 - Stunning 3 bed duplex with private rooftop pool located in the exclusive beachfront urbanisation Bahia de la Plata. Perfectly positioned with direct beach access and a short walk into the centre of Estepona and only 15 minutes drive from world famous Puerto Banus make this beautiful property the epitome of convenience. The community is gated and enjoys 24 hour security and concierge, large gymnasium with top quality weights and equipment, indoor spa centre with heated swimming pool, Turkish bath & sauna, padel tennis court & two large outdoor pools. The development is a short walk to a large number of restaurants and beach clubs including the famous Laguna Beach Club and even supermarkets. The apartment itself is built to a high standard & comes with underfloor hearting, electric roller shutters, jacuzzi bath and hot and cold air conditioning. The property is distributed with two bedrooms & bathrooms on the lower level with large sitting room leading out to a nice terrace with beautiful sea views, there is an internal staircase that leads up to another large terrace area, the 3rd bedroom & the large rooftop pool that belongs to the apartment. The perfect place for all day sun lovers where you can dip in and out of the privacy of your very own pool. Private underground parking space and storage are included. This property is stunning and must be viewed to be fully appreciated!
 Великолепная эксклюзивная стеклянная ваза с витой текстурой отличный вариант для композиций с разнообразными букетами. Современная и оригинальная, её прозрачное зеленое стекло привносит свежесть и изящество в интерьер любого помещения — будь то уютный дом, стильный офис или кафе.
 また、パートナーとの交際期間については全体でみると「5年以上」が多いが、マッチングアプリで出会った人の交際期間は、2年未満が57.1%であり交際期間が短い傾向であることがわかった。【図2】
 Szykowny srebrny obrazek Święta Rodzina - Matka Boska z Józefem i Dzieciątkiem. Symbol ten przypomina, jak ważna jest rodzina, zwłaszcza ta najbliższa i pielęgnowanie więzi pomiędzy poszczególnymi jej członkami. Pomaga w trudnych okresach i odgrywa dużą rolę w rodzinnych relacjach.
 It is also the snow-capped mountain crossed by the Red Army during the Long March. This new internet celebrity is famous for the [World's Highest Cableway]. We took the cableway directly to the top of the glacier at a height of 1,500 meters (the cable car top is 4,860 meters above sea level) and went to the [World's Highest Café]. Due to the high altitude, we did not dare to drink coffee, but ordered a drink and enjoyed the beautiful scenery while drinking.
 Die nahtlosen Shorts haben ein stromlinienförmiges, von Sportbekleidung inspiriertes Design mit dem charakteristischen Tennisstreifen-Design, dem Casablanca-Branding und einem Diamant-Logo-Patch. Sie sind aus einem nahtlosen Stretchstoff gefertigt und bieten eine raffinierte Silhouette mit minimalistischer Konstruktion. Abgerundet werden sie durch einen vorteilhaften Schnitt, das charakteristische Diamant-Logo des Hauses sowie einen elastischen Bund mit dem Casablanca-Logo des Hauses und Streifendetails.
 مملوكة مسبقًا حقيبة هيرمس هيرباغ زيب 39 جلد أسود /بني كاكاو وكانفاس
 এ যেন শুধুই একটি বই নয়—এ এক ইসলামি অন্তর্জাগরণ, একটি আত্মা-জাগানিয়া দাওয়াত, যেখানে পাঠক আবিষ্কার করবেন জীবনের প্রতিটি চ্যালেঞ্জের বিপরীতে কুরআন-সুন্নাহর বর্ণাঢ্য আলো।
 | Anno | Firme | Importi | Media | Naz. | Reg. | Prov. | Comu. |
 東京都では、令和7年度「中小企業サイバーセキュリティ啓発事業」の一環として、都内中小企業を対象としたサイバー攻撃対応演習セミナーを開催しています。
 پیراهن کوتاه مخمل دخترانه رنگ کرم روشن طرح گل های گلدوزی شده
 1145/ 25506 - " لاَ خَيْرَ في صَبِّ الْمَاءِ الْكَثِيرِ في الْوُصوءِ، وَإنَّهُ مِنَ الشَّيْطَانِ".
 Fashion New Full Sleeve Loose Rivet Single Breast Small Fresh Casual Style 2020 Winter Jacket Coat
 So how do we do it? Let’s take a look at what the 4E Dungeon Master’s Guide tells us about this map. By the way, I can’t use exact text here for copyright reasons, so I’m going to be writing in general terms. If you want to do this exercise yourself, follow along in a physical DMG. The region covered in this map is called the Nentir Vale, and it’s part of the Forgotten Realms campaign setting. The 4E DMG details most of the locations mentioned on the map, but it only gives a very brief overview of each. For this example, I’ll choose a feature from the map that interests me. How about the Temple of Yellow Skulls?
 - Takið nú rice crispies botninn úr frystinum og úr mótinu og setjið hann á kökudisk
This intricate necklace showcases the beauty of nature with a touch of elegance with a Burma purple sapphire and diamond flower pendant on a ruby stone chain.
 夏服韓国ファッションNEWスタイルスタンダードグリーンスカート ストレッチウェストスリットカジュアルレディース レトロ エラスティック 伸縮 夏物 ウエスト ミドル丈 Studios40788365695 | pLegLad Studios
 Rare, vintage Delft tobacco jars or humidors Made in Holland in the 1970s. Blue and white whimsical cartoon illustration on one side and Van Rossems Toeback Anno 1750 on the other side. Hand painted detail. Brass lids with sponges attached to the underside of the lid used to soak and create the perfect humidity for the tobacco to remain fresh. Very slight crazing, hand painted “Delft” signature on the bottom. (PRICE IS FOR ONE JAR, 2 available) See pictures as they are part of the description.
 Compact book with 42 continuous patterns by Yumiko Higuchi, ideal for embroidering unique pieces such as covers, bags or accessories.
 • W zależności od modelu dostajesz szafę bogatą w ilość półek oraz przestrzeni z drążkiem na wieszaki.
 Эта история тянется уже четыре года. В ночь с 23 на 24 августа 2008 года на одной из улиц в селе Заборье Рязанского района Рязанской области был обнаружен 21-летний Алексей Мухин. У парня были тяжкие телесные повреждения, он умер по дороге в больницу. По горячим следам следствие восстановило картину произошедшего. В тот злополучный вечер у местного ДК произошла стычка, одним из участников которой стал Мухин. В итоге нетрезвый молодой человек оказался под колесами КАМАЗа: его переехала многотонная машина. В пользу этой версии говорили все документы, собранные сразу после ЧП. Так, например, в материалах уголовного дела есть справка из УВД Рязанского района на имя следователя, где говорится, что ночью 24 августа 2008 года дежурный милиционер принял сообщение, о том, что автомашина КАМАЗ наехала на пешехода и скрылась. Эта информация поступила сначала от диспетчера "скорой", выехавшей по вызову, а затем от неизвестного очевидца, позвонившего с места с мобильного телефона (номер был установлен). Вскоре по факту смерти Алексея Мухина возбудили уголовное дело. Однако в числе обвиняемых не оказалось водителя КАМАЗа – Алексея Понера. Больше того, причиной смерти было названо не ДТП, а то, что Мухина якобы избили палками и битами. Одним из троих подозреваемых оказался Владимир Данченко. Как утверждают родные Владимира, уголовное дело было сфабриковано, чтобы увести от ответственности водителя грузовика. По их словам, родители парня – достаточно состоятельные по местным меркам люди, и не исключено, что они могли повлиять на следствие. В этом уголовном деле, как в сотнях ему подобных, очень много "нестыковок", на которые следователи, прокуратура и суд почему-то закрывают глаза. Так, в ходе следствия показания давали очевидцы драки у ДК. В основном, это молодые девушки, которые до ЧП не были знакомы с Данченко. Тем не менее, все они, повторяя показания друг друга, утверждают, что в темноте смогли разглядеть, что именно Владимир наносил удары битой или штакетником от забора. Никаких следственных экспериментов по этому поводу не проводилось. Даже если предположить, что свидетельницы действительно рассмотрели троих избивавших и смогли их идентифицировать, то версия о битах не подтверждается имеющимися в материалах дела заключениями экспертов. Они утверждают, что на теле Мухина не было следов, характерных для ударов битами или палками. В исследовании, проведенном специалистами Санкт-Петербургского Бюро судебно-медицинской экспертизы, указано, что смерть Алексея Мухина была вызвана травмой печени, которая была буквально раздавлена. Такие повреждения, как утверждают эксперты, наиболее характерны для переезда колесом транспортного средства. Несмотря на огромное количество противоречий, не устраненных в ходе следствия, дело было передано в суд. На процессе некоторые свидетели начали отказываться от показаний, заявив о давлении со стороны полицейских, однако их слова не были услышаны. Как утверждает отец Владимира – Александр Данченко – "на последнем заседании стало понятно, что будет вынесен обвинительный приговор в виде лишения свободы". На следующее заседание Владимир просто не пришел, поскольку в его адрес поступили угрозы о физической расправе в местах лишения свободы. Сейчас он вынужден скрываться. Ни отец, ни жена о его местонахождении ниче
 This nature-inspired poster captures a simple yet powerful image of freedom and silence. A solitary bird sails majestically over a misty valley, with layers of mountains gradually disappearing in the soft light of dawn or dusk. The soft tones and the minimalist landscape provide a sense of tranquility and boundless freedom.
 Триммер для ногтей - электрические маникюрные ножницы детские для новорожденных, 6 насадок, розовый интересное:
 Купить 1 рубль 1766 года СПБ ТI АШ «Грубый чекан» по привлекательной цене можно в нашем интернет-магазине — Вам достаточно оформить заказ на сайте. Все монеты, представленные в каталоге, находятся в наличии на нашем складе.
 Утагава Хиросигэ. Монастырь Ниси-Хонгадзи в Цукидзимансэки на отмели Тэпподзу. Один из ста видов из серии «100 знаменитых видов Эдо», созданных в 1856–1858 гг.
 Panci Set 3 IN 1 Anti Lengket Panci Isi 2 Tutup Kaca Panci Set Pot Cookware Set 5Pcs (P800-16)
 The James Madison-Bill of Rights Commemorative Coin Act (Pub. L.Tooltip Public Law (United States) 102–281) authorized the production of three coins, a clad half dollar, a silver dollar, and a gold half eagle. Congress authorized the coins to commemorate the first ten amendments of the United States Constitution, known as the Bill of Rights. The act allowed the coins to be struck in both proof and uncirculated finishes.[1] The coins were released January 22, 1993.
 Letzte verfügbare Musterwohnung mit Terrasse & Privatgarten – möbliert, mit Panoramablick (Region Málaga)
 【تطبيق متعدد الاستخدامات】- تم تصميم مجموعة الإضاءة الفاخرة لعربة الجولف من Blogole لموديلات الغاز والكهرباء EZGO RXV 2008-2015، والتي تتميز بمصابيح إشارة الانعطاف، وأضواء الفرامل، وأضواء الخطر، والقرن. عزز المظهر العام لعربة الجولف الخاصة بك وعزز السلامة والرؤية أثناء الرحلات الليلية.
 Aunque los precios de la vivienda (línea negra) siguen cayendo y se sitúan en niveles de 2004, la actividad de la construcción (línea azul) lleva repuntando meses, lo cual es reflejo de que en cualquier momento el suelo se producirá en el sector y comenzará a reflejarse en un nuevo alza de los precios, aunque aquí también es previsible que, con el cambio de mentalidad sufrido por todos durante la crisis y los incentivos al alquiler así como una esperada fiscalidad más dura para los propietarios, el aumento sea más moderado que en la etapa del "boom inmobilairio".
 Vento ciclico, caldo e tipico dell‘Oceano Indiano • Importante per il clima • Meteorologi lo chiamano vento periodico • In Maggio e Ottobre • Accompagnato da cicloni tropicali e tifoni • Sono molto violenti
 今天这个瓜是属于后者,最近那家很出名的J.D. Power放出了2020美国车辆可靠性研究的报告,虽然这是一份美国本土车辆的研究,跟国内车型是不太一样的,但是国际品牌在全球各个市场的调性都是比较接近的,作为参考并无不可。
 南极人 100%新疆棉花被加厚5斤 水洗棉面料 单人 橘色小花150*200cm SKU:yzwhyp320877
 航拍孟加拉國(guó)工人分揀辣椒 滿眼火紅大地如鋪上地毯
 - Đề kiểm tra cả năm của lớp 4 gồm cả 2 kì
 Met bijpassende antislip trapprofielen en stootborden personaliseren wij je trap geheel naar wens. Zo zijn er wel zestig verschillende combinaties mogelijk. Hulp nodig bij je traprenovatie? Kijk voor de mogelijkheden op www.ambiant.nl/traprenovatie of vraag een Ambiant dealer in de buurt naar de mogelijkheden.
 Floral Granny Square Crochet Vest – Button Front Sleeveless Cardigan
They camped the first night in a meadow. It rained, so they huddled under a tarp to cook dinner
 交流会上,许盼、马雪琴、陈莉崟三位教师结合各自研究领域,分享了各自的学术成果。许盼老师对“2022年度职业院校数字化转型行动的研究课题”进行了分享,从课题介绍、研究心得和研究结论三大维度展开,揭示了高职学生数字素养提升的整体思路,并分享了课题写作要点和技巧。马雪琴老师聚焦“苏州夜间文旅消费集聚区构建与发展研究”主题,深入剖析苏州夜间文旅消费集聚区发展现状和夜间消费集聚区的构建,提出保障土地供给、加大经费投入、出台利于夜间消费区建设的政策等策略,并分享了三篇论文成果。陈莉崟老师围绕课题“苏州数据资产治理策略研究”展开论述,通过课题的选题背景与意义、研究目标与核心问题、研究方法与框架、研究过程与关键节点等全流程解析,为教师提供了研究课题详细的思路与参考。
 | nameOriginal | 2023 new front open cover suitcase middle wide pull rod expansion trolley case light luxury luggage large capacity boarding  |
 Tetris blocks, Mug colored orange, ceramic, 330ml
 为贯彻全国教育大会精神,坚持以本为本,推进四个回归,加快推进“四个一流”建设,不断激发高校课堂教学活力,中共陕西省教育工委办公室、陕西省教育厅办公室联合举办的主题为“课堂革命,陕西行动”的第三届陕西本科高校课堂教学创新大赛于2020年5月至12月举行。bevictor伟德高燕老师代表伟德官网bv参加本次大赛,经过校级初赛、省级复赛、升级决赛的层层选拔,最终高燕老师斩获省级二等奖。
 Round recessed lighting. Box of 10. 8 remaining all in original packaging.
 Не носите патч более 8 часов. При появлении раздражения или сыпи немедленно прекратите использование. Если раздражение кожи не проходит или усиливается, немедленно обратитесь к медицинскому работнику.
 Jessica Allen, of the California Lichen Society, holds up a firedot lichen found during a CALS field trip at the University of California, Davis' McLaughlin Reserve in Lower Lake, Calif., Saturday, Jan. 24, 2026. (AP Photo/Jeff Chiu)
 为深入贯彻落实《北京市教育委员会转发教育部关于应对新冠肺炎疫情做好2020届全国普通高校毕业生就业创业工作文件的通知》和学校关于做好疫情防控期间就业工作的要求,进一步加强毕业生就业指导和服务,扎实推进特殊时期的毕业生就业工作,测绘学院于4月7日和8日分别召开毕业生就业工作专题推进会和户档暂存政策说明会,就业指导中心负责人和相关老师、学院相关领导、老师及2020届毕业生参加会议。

§

Only one stretch of the data above is needed. Restate it word for word, from the line containing "Великолепная эксклюзивная стеклянная" through the line containing "Szykowny srebrny obrazek", both ends included.

 Великолепная эксклюзивная стеклянная ваза с витой текстурой отличный вариант для композиций с разнообразными букетами. Современная и оригинальная, её прозрачное зеленое стекло привносит свежесть и изящество в интерьер любого помещения — будь то уютный дом, стильный офис или кафе.
 また、パートナーとの交際期間については全体でみると「5年以上」が多いが、マッチングアプリで出会った人の交際期間は、2年未満が57.1%であり交際期間が短い傾向であることがわかった。【図2】
 Szykowny srebrny obrazek Święta Rodzina - Matka Boska z Józefem i Dzieciątkiem. Symbol ten przypomina, jak ważna jest rodzina, zwłaszcza ta najbliższa i pielęgnowanie więzi pomiędzy poszczególnymi jej członkami. Pomaga w trudnych okresach i odgrywa dużą rolę w rodzinnych relacjach.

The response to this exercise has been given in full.